15. The method according to claim 14, wherein the further wind turbine is a wind turbine type identical to the wind turbine type of the reference wind turbine, and/or the further wind turbine and the reference wind turbine are comprised by the same wind farm.

16. The method according to claim 14, wherein the method comprises: determining the remaining runtime of the further wind turbine based on the at least one turbine condition data set of the further wind turbine.

17. A computing device comprising at least one data memory containing computer program code and at least one processor, wherein the data memory and the processor are configured such that the computing device is caused to generate at least one turbine condition data set based on at least one provided operation data set and at least in part using a machine learning model trained according to claim 1.

18. The method according to claim 7, wherein measuring the at least one load parameter is performed according to the IEC 61400-13 standard [2].

19. The method according to claim 9, wherein the measurement time period is at least 3 months.
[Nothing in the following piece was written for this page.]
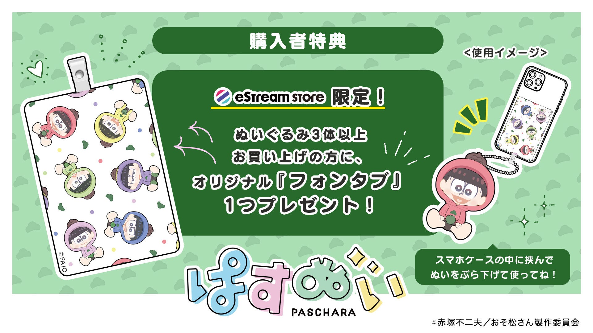 eStream Store限定特典:3体以上のご購入で、限定特典のフォンタブを1つプレゼントいたします。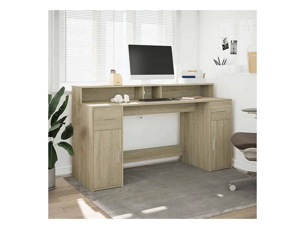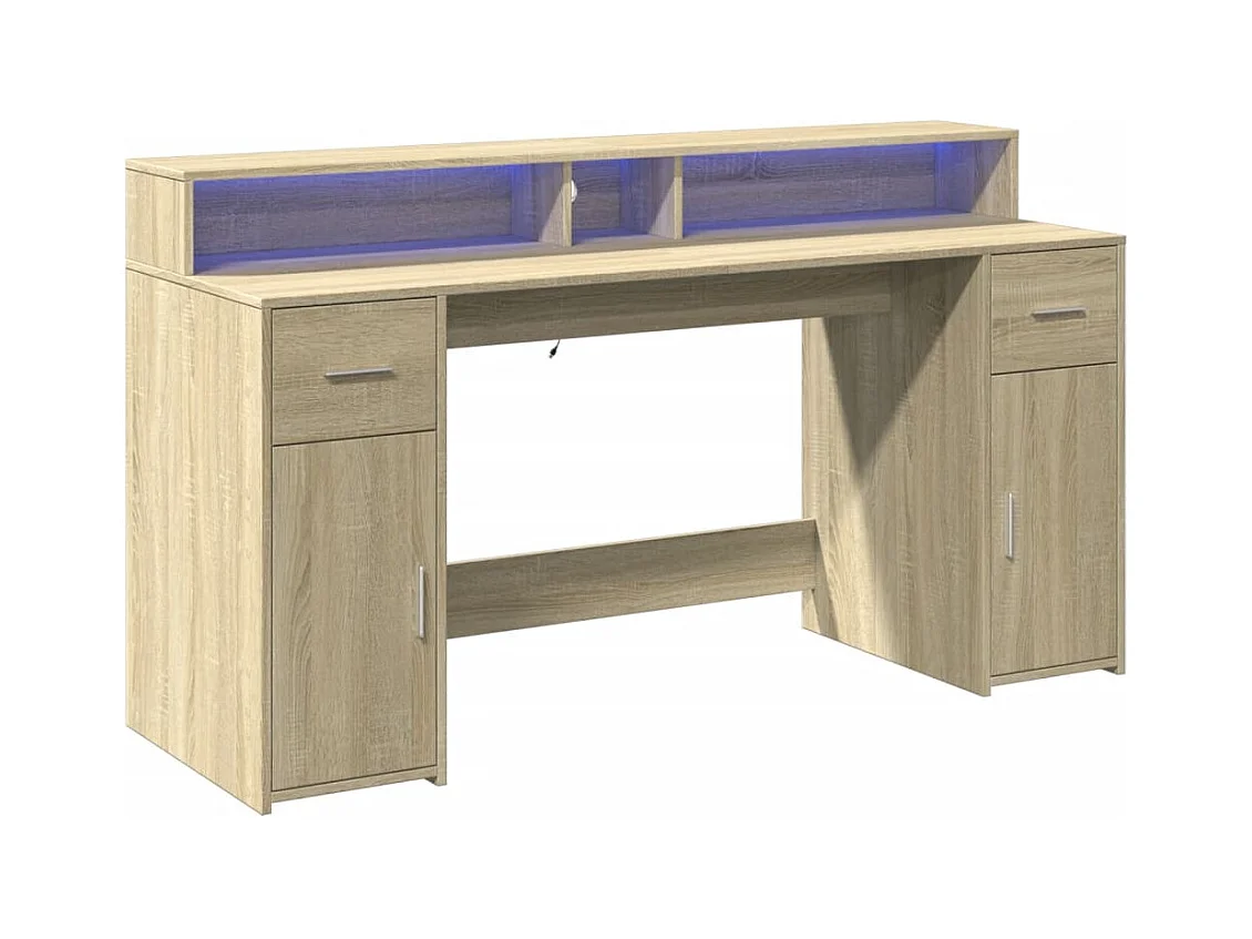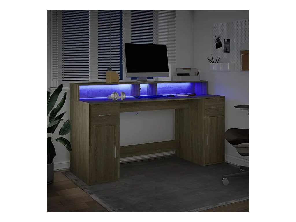 Escritorio con luces LED de madera de ingeniería de roble Sonoma

20. The method according to claim 10, wherein the converting is based on a Rainflow Counting method.

Description

BRIEF DESCRIPTION OF T DRAWINGS

[0139] There is now a multitude of possibilities for designing and further developing the method according to the application for training a machine learning model usable for determining a remaining useful life of a wind turbine, the method according to the application for using a trained machine learning model and the computing device according to the application. For this purpose, reference is made on the one hand to the patent claims subordinate to the independent patent claims, and on the other hand to the description of embodiments in connection with the drawing. The drawing shows:

[0140] FIG. 1 is a schematic view of an example of a wind farm with a plurality of wind turbines;

[0141] FIG. 2 is a diagram of an embodiment of a method according to the present application;

[0142] FIG. 3 is a diagram of a further embodiment of a method according to the present application;

[0143] FIG. 4 is a diagram of a further embodiment of a method according to the present application;

[0144] FIG. 5 is an exemplary turbine condition diagram;

[0145] FIG. 6 is an exemplary diagram for testing collinearity by correlation; and

[0146] FIG. 7 is a schematic view of an embodiment of a computing device according to the present application.

DETAILED DESCRIPTION

[0147] FIG. 1 shows a schematic view of an example of a wind farm 100 comprising a plurality of wind turbines 102, 104. Hereby, the reference sign 102 denotes the (selected) reference wind turbine and the reference sign 104 denotes the further wind turbines of the wind farm 100. The wind farm 100 may be an onshore wind farm and/or an offshore wind farm.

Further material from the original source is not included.